Guest post: Three things my parents did right

October 5, 2007 | 3 comments

By Steve G. (regular commentor and occasional guest blogger — some examples of his writing here and here)

Since Steve doesn’t have his own blog, here is his contribution to the Group Writing Project:

Initially I felt left out on this post. I come from a broken home where my most vivid memory from childhood is sitting at the living room window, looking out on the dark night, and watching my father carrying his suitcase to his girlfriend’s car for the final time.

One of my greatest shocks was as a teenager, proofreading an essay my mother had written, discovering where she talked about the fact that she’d nearly aborted me.

My childhood was filled with a lot of moving from place to place, a fair amount of violence, and an unimaginable amount of emotional abuse.

It’s probably not a surprise that overall, my memories of my childhood are not particularly fond, and even those which are dear, are tinged with a sense of sadness…of what might have been.

One of the most beautiful things about entering into Christ’s love is the reality of the healing that begins to take place. One of the greatest gifts I’ve been given is that despite the pain, I’ve been able to truly forgive my parents.

I’ve been able to attempt to see them as the fallible human beings they are, to try to understand what crosses they bore that led them to make the choices they did. That has been transformative in my life.

It even gives me the ability to find three things that they did right.

1. They gave me life. This should go without saying, but in the modern Western world it does not. When a husband and wife are already on the verge of divorce, their relationship is already horribly broken, and they find out they are pregnant, they’ve got a ready excuse to eliminate such an unwanted problem. They didn’t use the excuse.

Despite all the mess of their lives, they still saw me as worth bringing into the world. For that, I am thankful beyond words.

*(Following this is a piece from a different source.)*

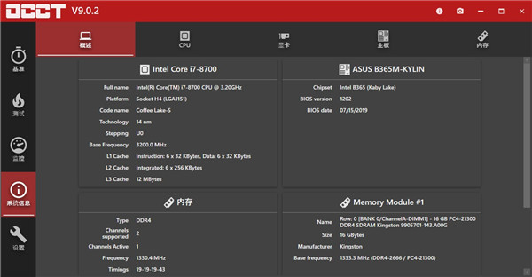 2、在其主窗口中,OCCT 显示有关硬件设备的详细信息,例如CPU和主板。此外,还有一个表格,您可以在其中查看当前和超频的CPU和总线频率。
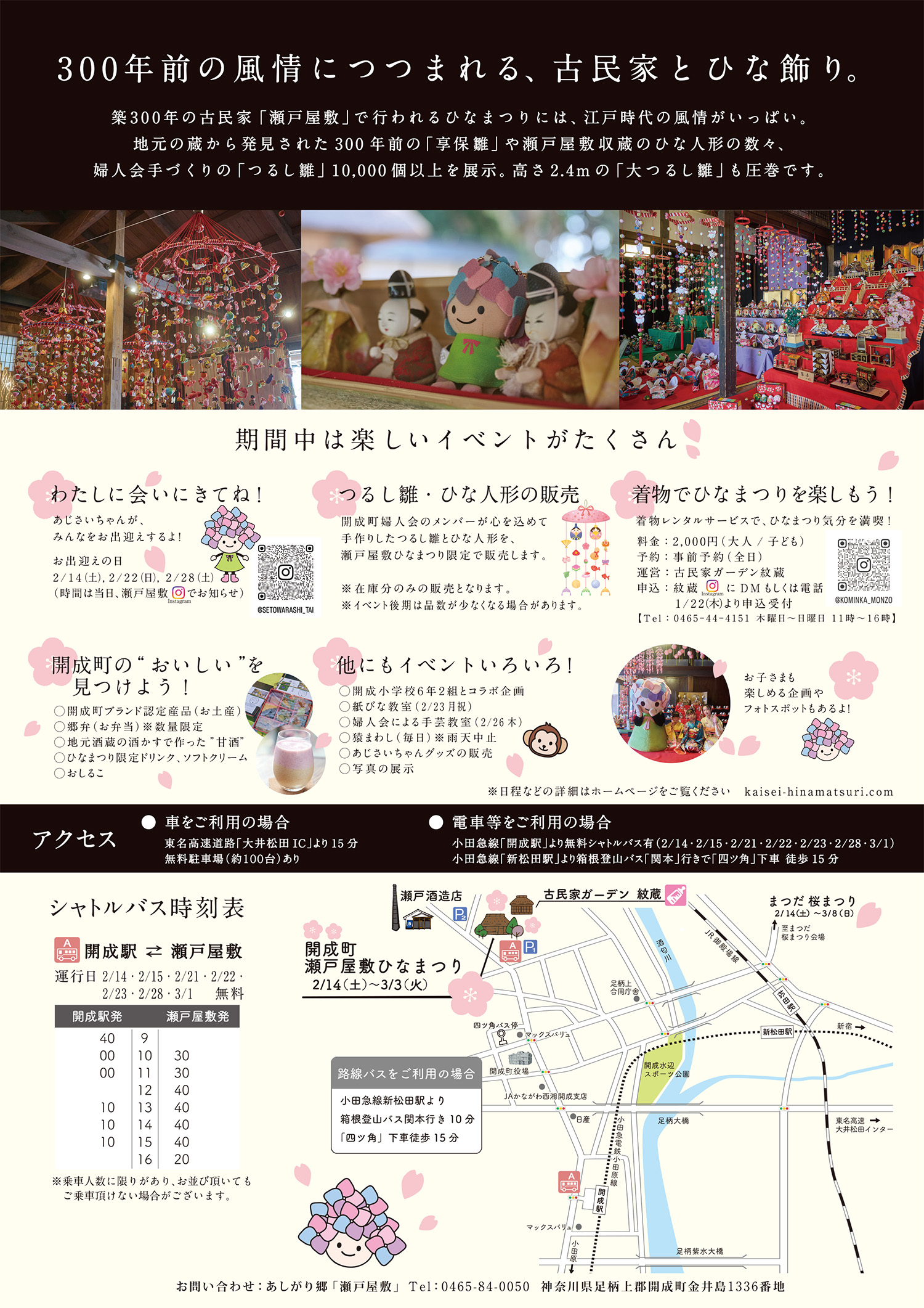 瀬戸屋敷ひなまつりのチラシ2026 が完成しました✨ 投稿公開日:2026年1月20日 投稿カテゴリー:イベント / お知らせ R8年2月14日(土)~3月3日(火)まで開催される、開成町瀬戸屋敷ひなまつりのチラシが完成しました✨開成町内のお店を中心に配布をしていきます! ぜひチェックしてください👍 Instagram Facebook ぜひチェックしてください👍 Instagram Facebook おすすめ 瀬戸屋敷ひなまつりは、令和8年2月14日(土)から3月3日(火)まで開催されます✨ 2025年12月1日 【募集】瀬戸屋敷ひなまつり出店者募集 2025年12月10日

2. My mother loved me without conditions. She was negligent, she was irresponsible, she moved away to another state when I was only 13 and I saw her only a couple times a year. Nonetheless, she somehow managed to convey to me that she loved me whether I was good in school or not, whether I was a star athlete or not, and regardless of my ‘accomplishments.’

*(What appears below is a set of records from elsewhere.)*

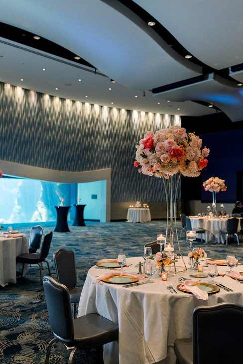 I absolutely loved planning a wedding at the Georgia Aquarium! They have some beautiful spaces to choose from for couples wanting a unique experience for their day. Christine and Robert held their ceremony in the Antarctic Pre-Function Space, their Cocktail Hour/Tea Ceremony in the Indian Room Foyer, and their reception in the Arctic Ballroom. We had a blast customizing these spaces to match the theme of their wedding, and everything looked beautiful!
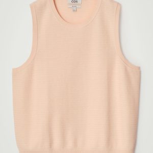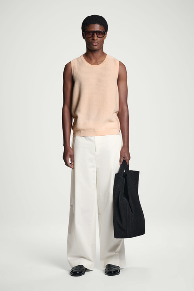 This season, the COS menswear team bring a textural upgrade to classic wardrobe essentials. This laid-back tank top is knitted from cotton using a micro cable-knit stitch and features a ribbed crew neck and tubular seams.
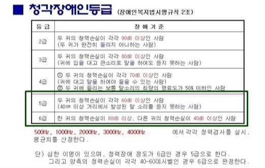 청력력 검사 시 아래에 기준중 5급/6급에 준 할 경우 청각장애인증 발급이 됩니다.
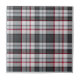 Plaque de tartan texturée grise avec fines bandes rouges et bleues.

Her love was not performance or behavior dependent, and as little as we saw each other during my teen years, when we did, she conveyed a deep sense that she was just happy to be around me and accepted me for who I was. This was a great gift she gave me and it has served me well in the relationships I’ve participated in throughout my life.

3. My Dad gave me a love of reading. One of those memories from childhood that was fond was dad taking me on a regular basis to the library. When I asked him a question about the moon, or any other topic I was interested in, it was off to the library we went. I loved having my own library card. I loved bringing a stack of books home to read. I loved it because it was one of the few tender times he provided. It engrained a deep love of reading in my being. Later, when I needed it, books would be my refuge and escape. As an adult, books would be crucial to bringing me into the love of Christ. My love of reading is another gift from my parents, and I thank them for it from the depths of my heart.


  1. :o)

    Steve : What a truly beautiful post. How generous you are to see past the ugly parts of your childhood and find the good. You must be a very strong and loving person.

  2. Abigail

    Steve, thanks for sharing your story. Your “Catholic advice” posts are even more impressive. Thanks for being a model of Christian forgiveness.

  3. SteveG

    :o) and abigail,
    Thank you both so much for your kind words.